▶ _What the task requires_: Please retype the entries that follow exactly as they are, leaving the images behind.

(Stored entries)
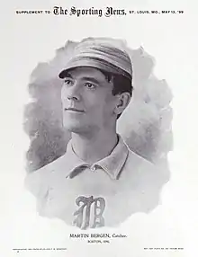 Martin Bergen (October 25, 1871 – January 19, 1900) was an American professional baseball player who murdered his family before slicing his own throat. From 1896 to 1899 he played in 344 games with the Boston Beaneaters of Major League Baseball, 337 of them as their catcher. Bergen helped the Beaneaters to National League pennants in 1897 and 1898, as well as a second-place finish in 1899.
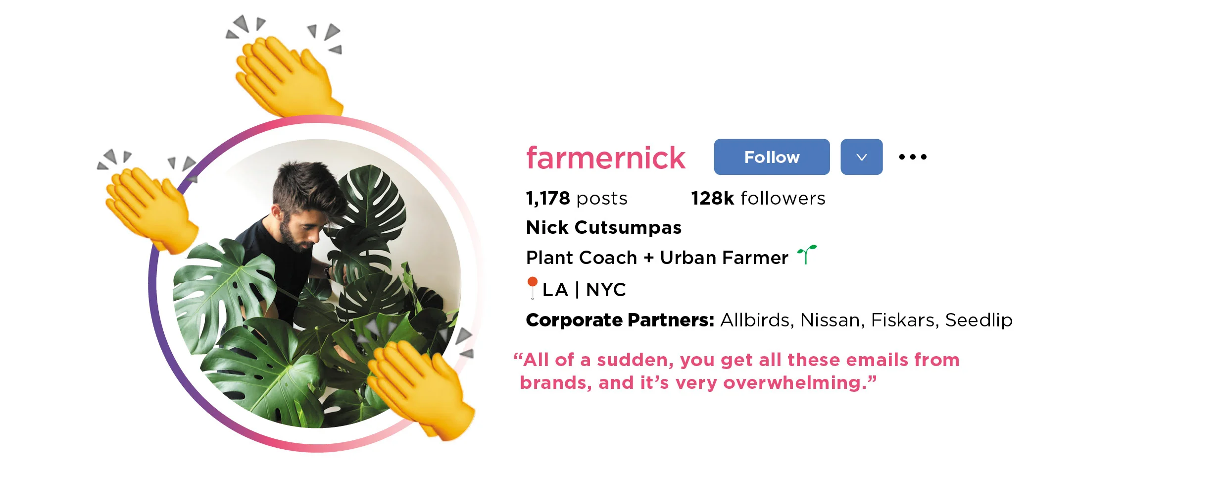 It started when Cutsumpas moved to New York City after college and began avidly collecting houseplants. He had only posted on Instagram socially, but his then-girlfriend suggested he devote his feed to imparting urban horticultural skills. “It really took off from there,” the 29-year-old says. By mid-2020, he’d built a following of around 30,000. Then he was invited to be a contestant on the Netflix reality show The Big Flower Fight, where foliage aficionados go head-to-head constructing enormous floral sculptures. “It was very much out of my wheelhouse,” Cutsumpas says. Sure enough, he was eliminated in the third episode, but that didn’t matter to his growing Insta audience—or eager sponsors. “All of a sudden, you get all these emails from brands, and it’s very overwhelming, especially when growth happens fast,” he says.
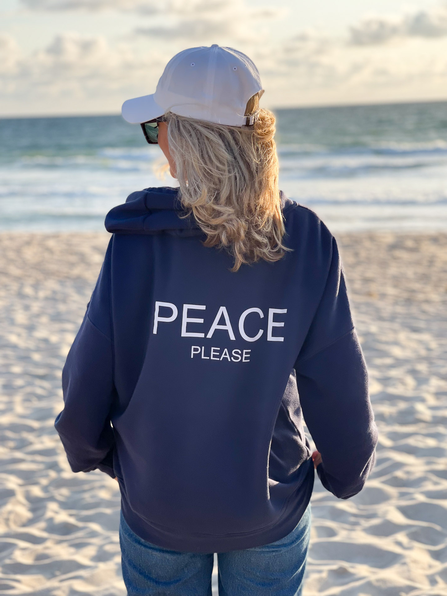 kuscheliger dicker Hoodie in Dunkelblau mit Peace Please.
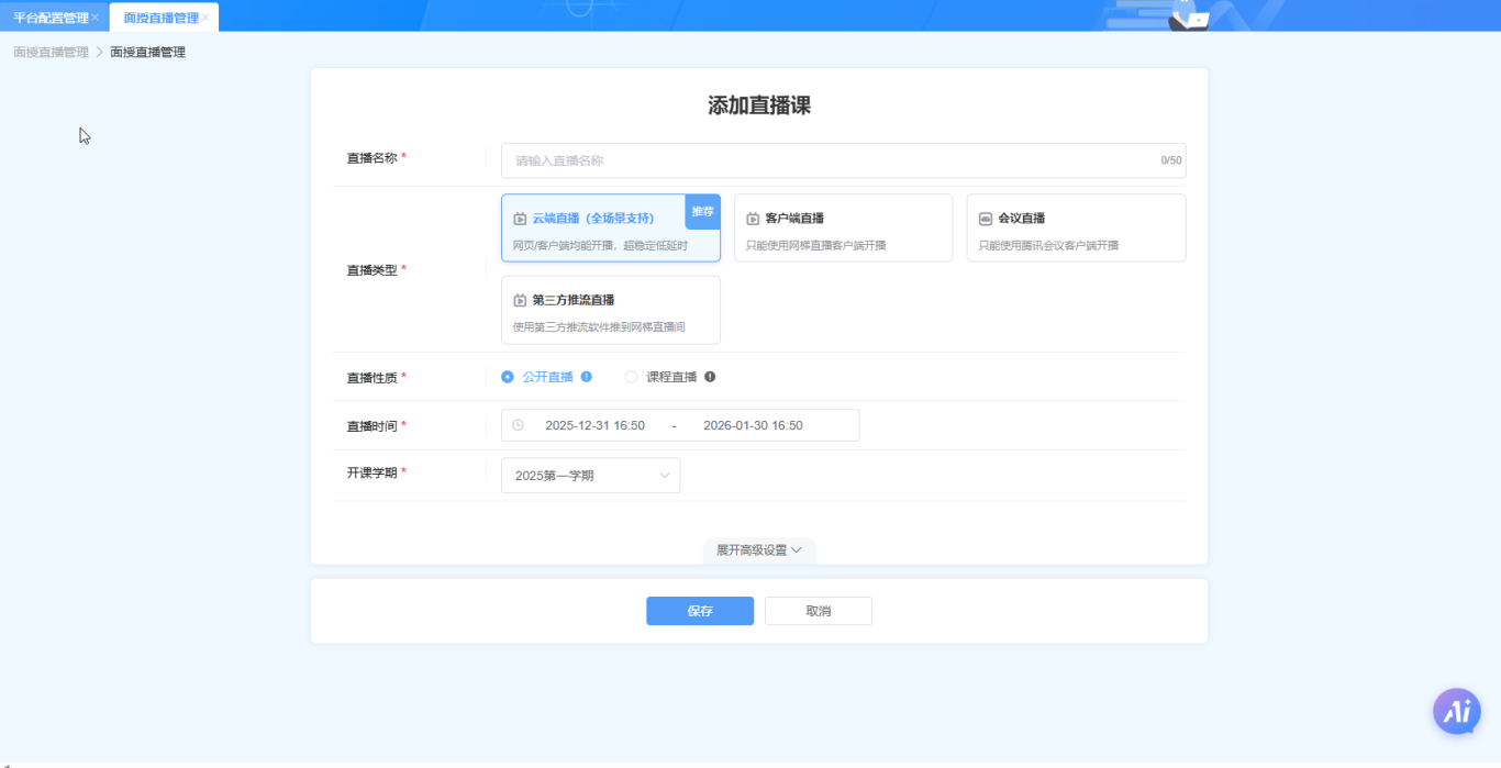 云端、客户端、腾讯会议等直播类型明确区分,按需选择更便捷。
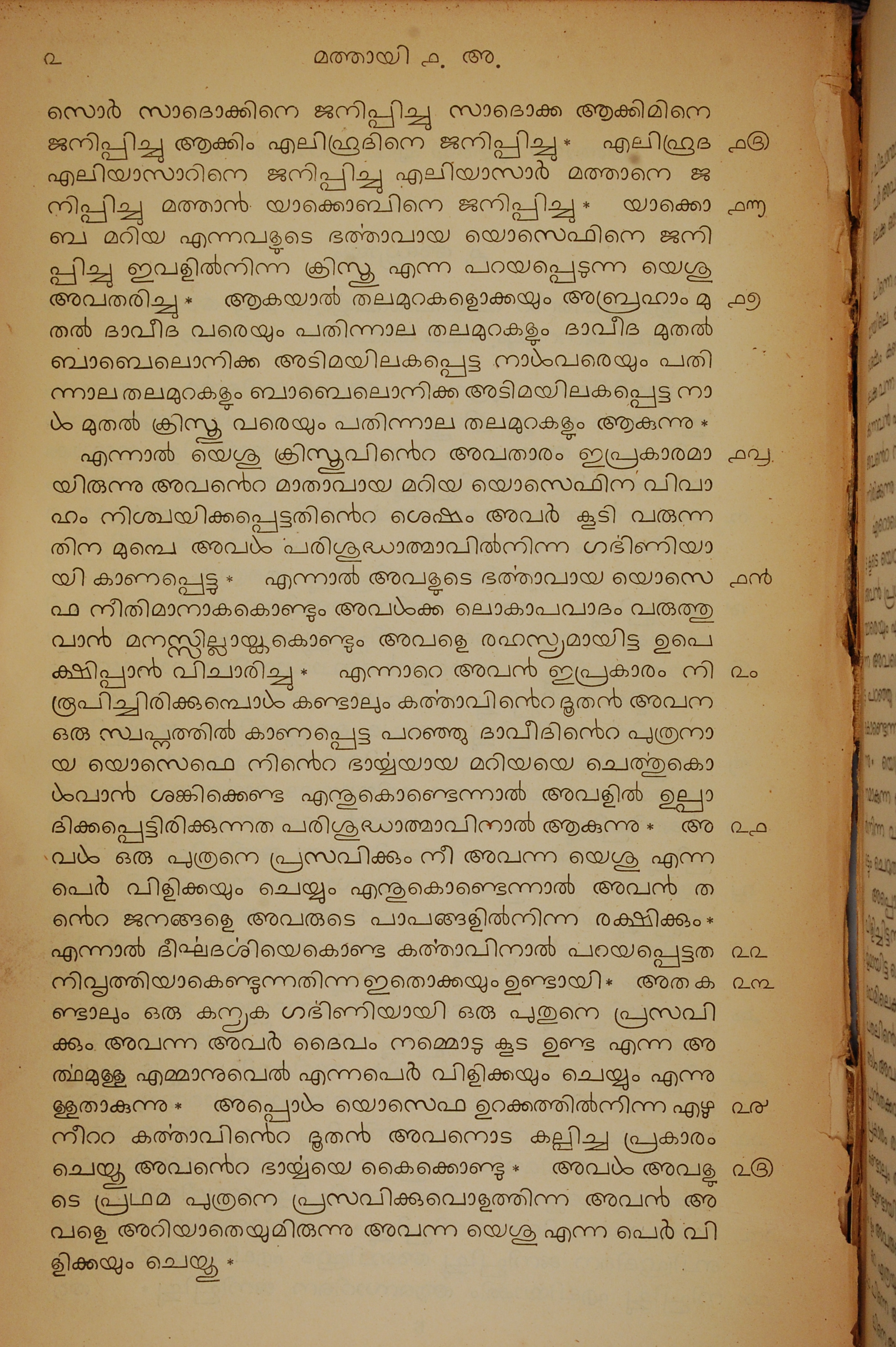 1834年馬來文聖經四福音與使徒行傳 馬太福音 1 章 15 節到 1 章 25 節

▶ _Task solution_:
 Martin Bergen (October 25, 1871 – January 19, 1900) was an American professional baseball player who murdered his family before slicing his own throat. From 1896 to 1899 he played in 344 games with the Boston Beaneaters of Major League Baseball, 337 of them as their catcher. Bergen helped the Beaneaters to National League pennants in 1897 and 1898, as well as a second-place finish in 1899.
 It started when Cutsumpas moved to New York City after college and began avidly collecting houseplants. He had only posted on Instagram socially, but his then-girlfriend suggested he devote his feed to imparting urban horticultural skills. “It really took off from there,” the 29-year-old says. By mid-2020, he’d built a following of around 30,000. Then he was invited to be a contestant on the Netflix reality show The Big Flower Fight, where foliage aficionados go head-to-head constructing enormous floral sculptures. “It was very much out of my wheelhouse,” Cutsumpas says. Sure enough, he was eliminated in the third episode, but that didn’t matter to his growing Insta audience—or eager sponsors. “All of a sudden, you get all these emails from brands, and it’s very overwhelming, especially when growth happens fast,” he says.
 kuscheliger dicker Hoodie in Dunkelblau mit Peace Please.
 云端、客户端、腾讯会议等直播类型明确区分,按需选择更便捷。
 1834年馬來文聖經四福音與使徒行傳 馬太福音 1 章 15 節到 1 章 25 節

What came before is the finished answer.